Sequence and time series data have a general formulation as sequence pairs :math:`\{(\mathbf{X}_i,\mathbf{y}_i)\}_{i=1}^{N}`, where each :math:`\mathbf{X}_i` is a multivariate sequence with :math:`T_i` samples :math:`\langle \mathbf{x}_{i,1}, \mathbf{x}_{i,2},...,\mathbf{x}_{i,T_i} \rangle` and each :math:`\mathbf{y}_i` target is a univariate sequence with :math:`T_i` samples :math:`\langle y_{i,1}, y_{i,2},...,y_{i,T_i} \rangle`. The targets :math:`\mathbf{y}_i` can either be sequences of categorical class labels (for classification problems), or sequences of continuous data (for regression problems). The number of samples :math:`T_i` varies between the sequence pairs in the data set. Time series' with a regular sampling period may be treated equivalently to sequences. Irregularly sampled time series are formulated with an additional sequence variable :math:`\mathbf{t}_i` that increases monotonically and indicates the timing of samples in the data set :math:`\{(\mathbf{t}_i, \mathbf{X}_i,\mathbf{y}_i)\}_{i=1}^{N}`.

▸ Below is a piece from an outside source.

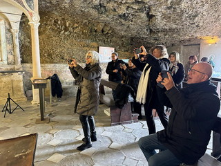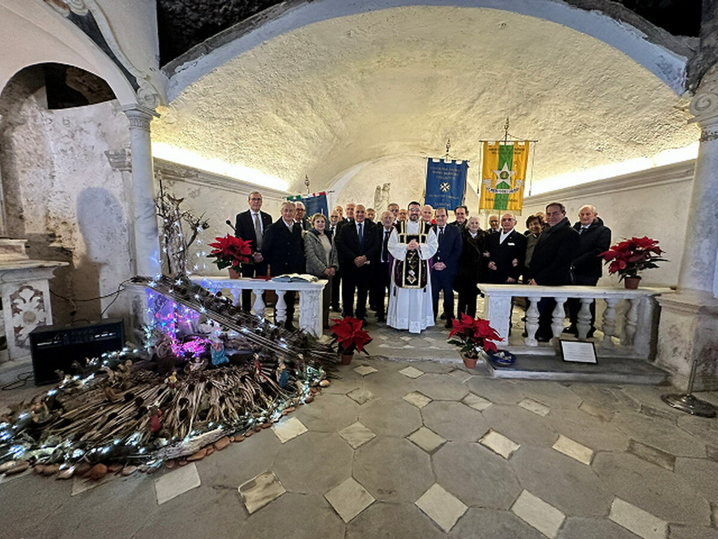 La giornata si è aperta con un momento di intensa spiritualità: la Santa Messa, celebrata da Don Marco Palermo presso il millenario Santuario di Nostra Signora dell’Annunziata, luogo di straordinario valore storico e religioso, incastonato in una grotta di origini preistoriche. Il passo evangelico del giorno, dedicato all’Annunciazione a Maria, ha reso la celebrazione particolarmente significativa e carica di simbolismo, richiamando idealmente la grotta di Betlemme. La partecipazione raccolta e commossa dei fedeli ha trasformato la funzione in un autentico momento di fede, devozione e comunione. Alla cerimonia erano presenti autorevoli rappresentanti istituzionali e associativi: il Senatore Gianni Berrino, il Vicesindaco di Taggia Espedito Longobardi, il Console Provinciale dei Maestri del Lavoro Cav. Uff. Salvatore Napoli, il Coordinatore Regionale ANIOC Liguria e Delegato Provinciale Cav. Uff. Roberto Pecchinino, il Delegato Comunale di Imperia Cav. Antonello Motosso, il Delegato Comunale di Sanremo Cav. Gianni Ostanel, il Delegato Comunale di Arma di Taggia Cav. Andrea Giulianetti, insieme a numerosi Insigniti, soci, parenti e amici.
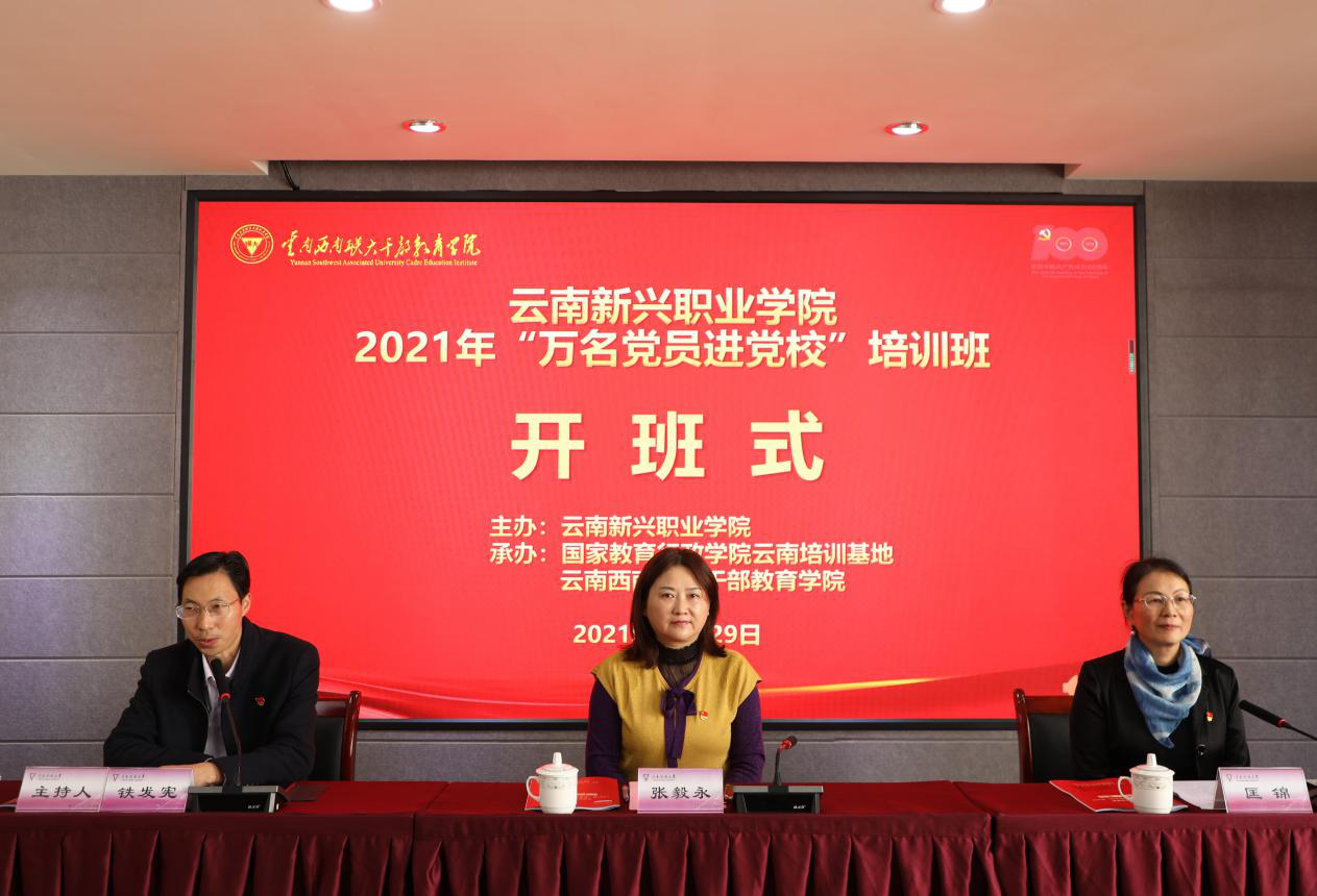 国家教育行政学院云南培训基地办公室主任、云南西南联大干部教育学院专职副院长匡锦出席开班式并致辞,云南新兴职业学院党委书记张毅永作开班动员和培训总结讲话。国家教育行政学院云南培训基地办公室副主任、云南西南联大干部教育学院副院长铁发宪主持开班式和结业式。云南新兴职业学院领导班子成员以及90余名党员参加了培训。

Important sub-classes of the general sequence learning problem are sequence classification and sequence prediction. In sequence classification problems (eg song genre classification), the target for each sequence is a fixed class label :math:`y_i` and the data takes the form :math:`\{(\mathbf{X}_i, y_i)\}_{i=1}^{N}`. Sequence prediction involves predicting a future value of the target :math:`(y_{i,t+f})` or future values :math:`\langle y_{i,t+1}, y_{i,t+2},..., y_{i,t+f} \rangle`, given :math:`\langle \mathbf{x}_{i,1}, \mathbf{x}_{i,2},...,\mathbf{x}_{i,t} \rangle, \langle y_{i,1}, y_{i,2},..., y_{i,t} \rangle`, and sometimes also :math:`\langle \mathbf{x}_{i,t+1}, \mathbf{x}_{i,t+2},...,\mathbf{x}_{i,t+f} \rangle`.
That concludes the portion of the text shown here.